Here’s an interesting tailpiece to this unfolding story. Holcim and Lafarge have been in discussion since last year in view of a merger of their businesses. The merger is near concluded by now and the new company will most likely be headquartered in Geneva, Switzerland. Not only will its global sinews be much stronger to tackle by a small country like Mauritius. It will also be able to cut down rivals to size, given the economies of scale and greater control over markets with which it will operate in its new version.
In the process, Mauritius has disbanded its STC, given out the domestic market to the remaining two cement suppliers and is now ending up with a single entity, the merged Holcim-Lafarge company, a global giant having the capacity to manipulate the price of cement not in the domestic market but much more upstream at the global level. The Competition Commission of Mauritius (CCM) is in the presence of an undertaking from Holcim-Lafarge to divest the shares held in Holcim to a new purchaser once the global Holcim-Lafarge merger is completed. The Chief Executive of the CCM is inclined to recommend to the Commission the acceptance of this undertaking. What else?

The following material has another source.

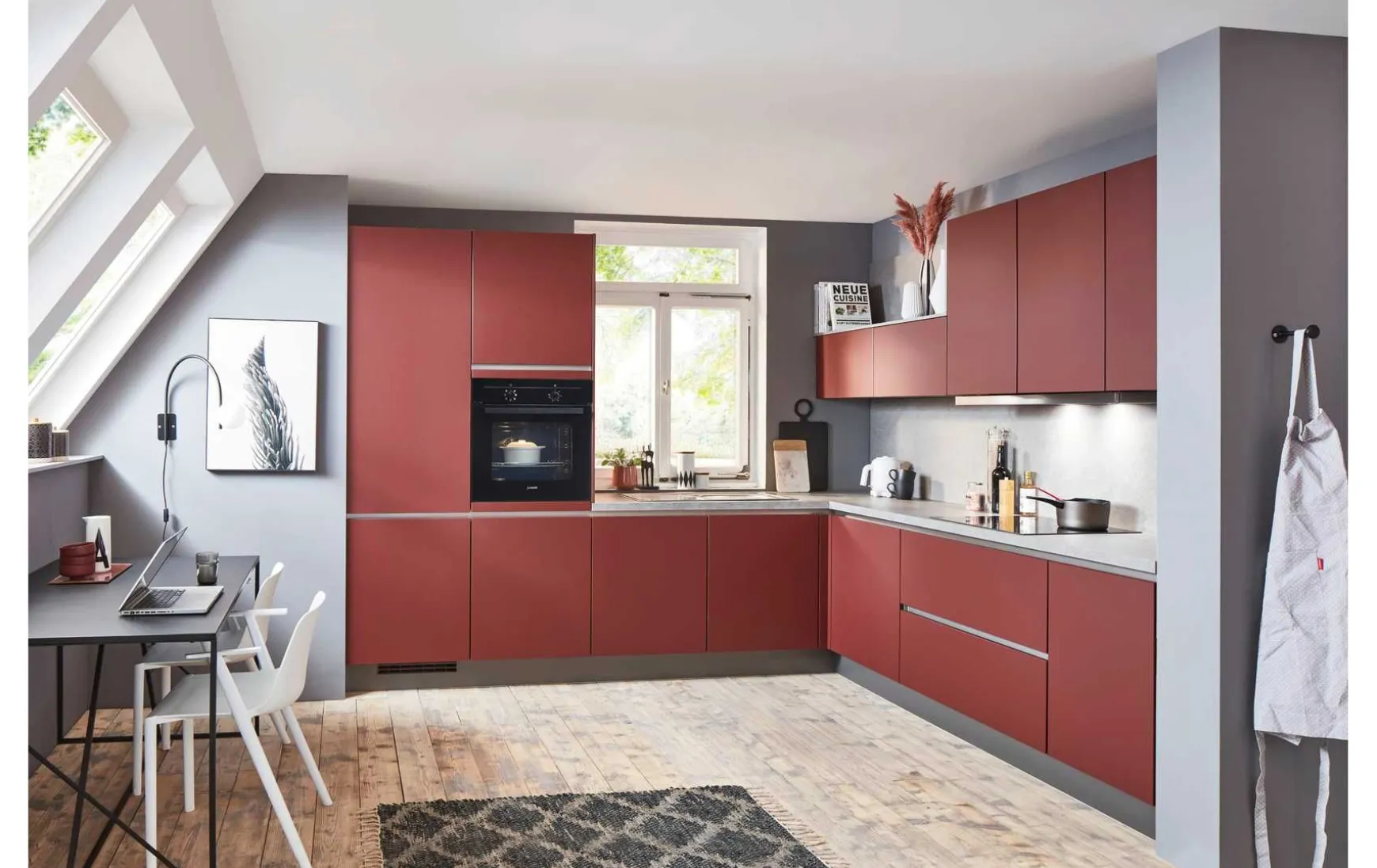 Topmoderne Winkelküche in rostrot ultramatt kombiniert mit schiefergrau und Basalt taupegrau Nachbildung, ca.300x257cm, inkl. Elektrogeräte-Set und Einbauspüle. Geschirrspüler, Beleuchtung, Bürotisch, Stühle und Armatur gegen Mehpreis erhältlich. Andere Größen und Zusammenstellungen zum individuellen Preis planbar.

The question is: should Mauritius go back to the STC-Holcim-Lafarge formula of 2011 before the Cabinet decision to disband the STC if that could help Mauritius buy its cement not at a continuously increasing price as it has been the case? We are seeing here one of the negative facets of capitalism in which, when you are too small, you must play the game by the rules set down by those who hold the sway on the global market.